= Wipe (transition) =

Film transition in which a shot replaces another by traveling across the screen

Examples of various wipe transitions

In filmmaking, a wipe is a type of film transition where one shot replaces another by travelling from one side of the frame to another or with a special shape. If the wipe proceeds from two opposite edges of the screen toward the center or vice versa, it is known as a barn door wipe (named for its similarity to a pair of doors opening or closing).

==Types==
The following are specific types of wipes:

- An iris slow is a wipe that takes the shape of a growing or shrinking circle. It has been frequently used in animated short films, such as those in the Looney Tunes and Merrie Melodies cartoon series, to signify the end of a story. When used in this manner, the iris wipe may be centered on a certain focal point and may be used as a device for a "parting shot" joke, a fourth wall-breaching wink by a character, or other purposes. Optional graphic (i.e. rips) occasionally are overlaid to achieve a certain effect like an iris-tearing transition.
- A star wipe is a wipe that takes the shape of a growing or shrinking star and is used to impart a sense of "extra specialness" or "added value". An example of the "star wipe" can be seen in the Guiding Light opening sequences of the 1980s. This convention was considered overused during that time period and is now generally thought to be somewhat out of date. The use was parodied in Aqua Teen Hunger Force Colon Movie Film for Theaters and The Simpsons.
- A heart wipe is a wipe that takes the shape of a growing or shrinking heart, and is used to impart a sense of "love" or "friendship". The heart wipe is still used in wedding, graduation, and bar mitzvah videos, among others, as it has now passed from stylistic into the realm of standard convention, though many people consider it tacky.
- A matrix wipe is a patterned transition between two images. The matrix wipe can be various patterns such as a grid, stars, etc.
- A clock wipe is a wipe that sweeps a radius around the center point of the frame to reveal the subsequent shot, like the sweeping hands of an analog clock. Because of this similarity, it is often used to indicate that time has passed between the previous shot and the next shot. One of the TV shows that used the effect is Regular Show. The Red Green Show also makes frequent use of this wipe type, featuring an animated roll of duct tape, and accompanied by the loud "yanking tape off a roll" sound effect.
- The most common uses of the wipe effect is the invisible wipe, where a camera follows a person into another room by tracking parallel to the actor. As the wall passes in front of the camera, the editor has the option of using a wipe to be able to choose any other matching take of the same scene. It is also commonly used in quick camera pans in action sequences, to make a cut invisible. Such wipes can be impossible to see in the finished film. A good example of this wipe can be seen in the movie Das Boot when the director, Wolfgang Petersen, uses it to pan between two occupied U-boat pens, even though the production had only one U-boat for filming.
- Some extremely effective (and expensive) wipes were used in the otherwise very low-budget Laurel and Hardy short film Thicker than Water. For each of the scene changes in this film, either Laurel or Hardy or both of them would seize a curtain or some other object at the edge of the frame and move it across the screen. The opening frames of the next scene were optically printed onto this object, so that—when the object entirely filled the screen—the movie had "wiped" the last shot of the previous scene and begun the first shot of the next.

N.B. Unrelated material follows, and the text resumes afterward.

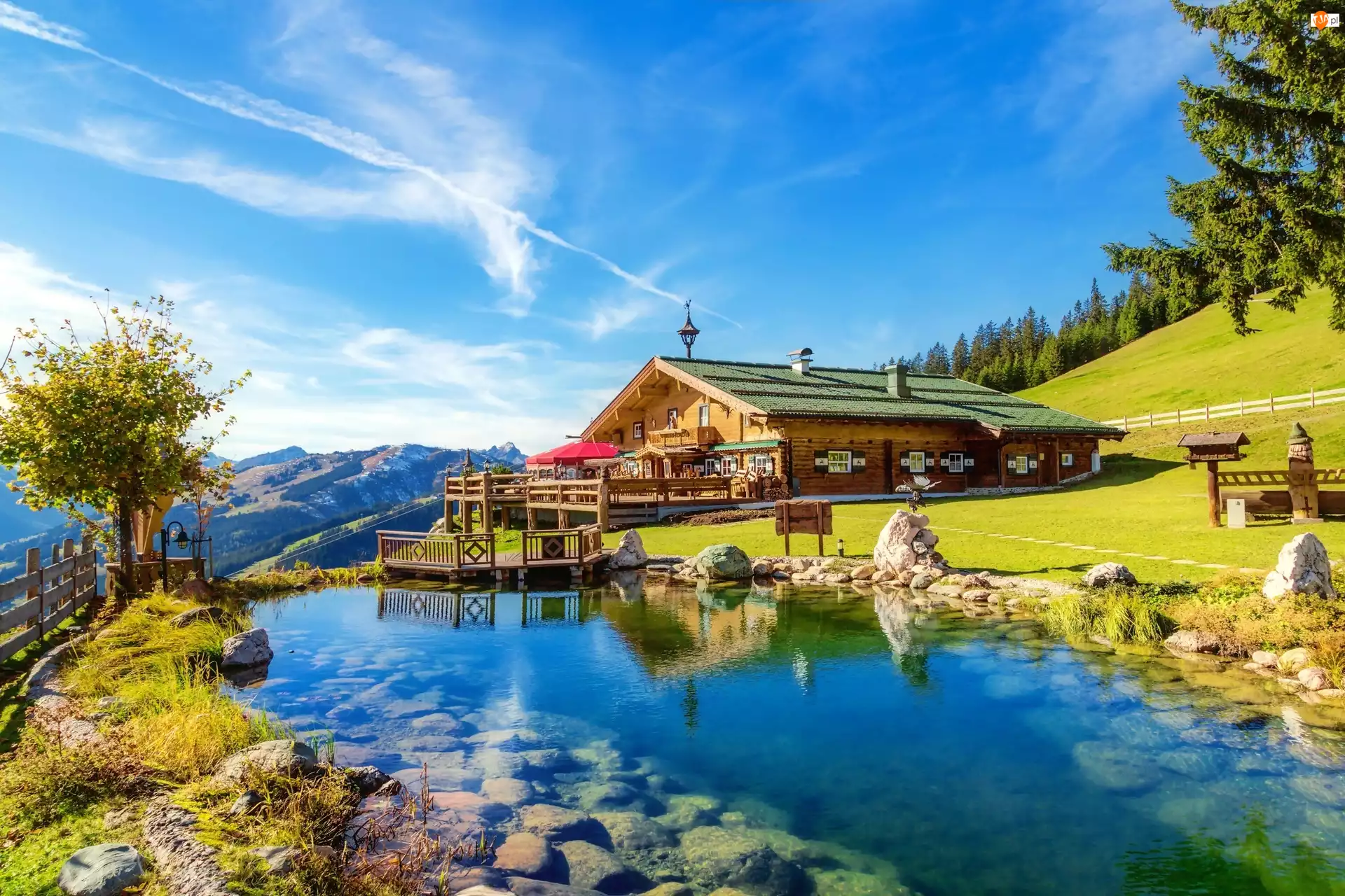 Krajobraz, Górski dom, Staw

The earliest known example of a wipe was George Albert Smith's film Mary Jane's Mishap of 1903.

George Lucas made frequent use of wipes in his Star Wars films, inspired by a similar use of wipes by Akira Kurosawa.

Since at least the 1980s, the American game show The Price is Right has made extensive use of wipes, usually from contestants to prizes. In the early-to-mid 1980s, an iris slow was used twice during the opening sequence, transitioning from the shot of the host entrance to the camera panning down from the studio lights, and then from that camera shot to one of the host. Around 1987, this was changed to a star wipe, which the show would end up using for years until 2010.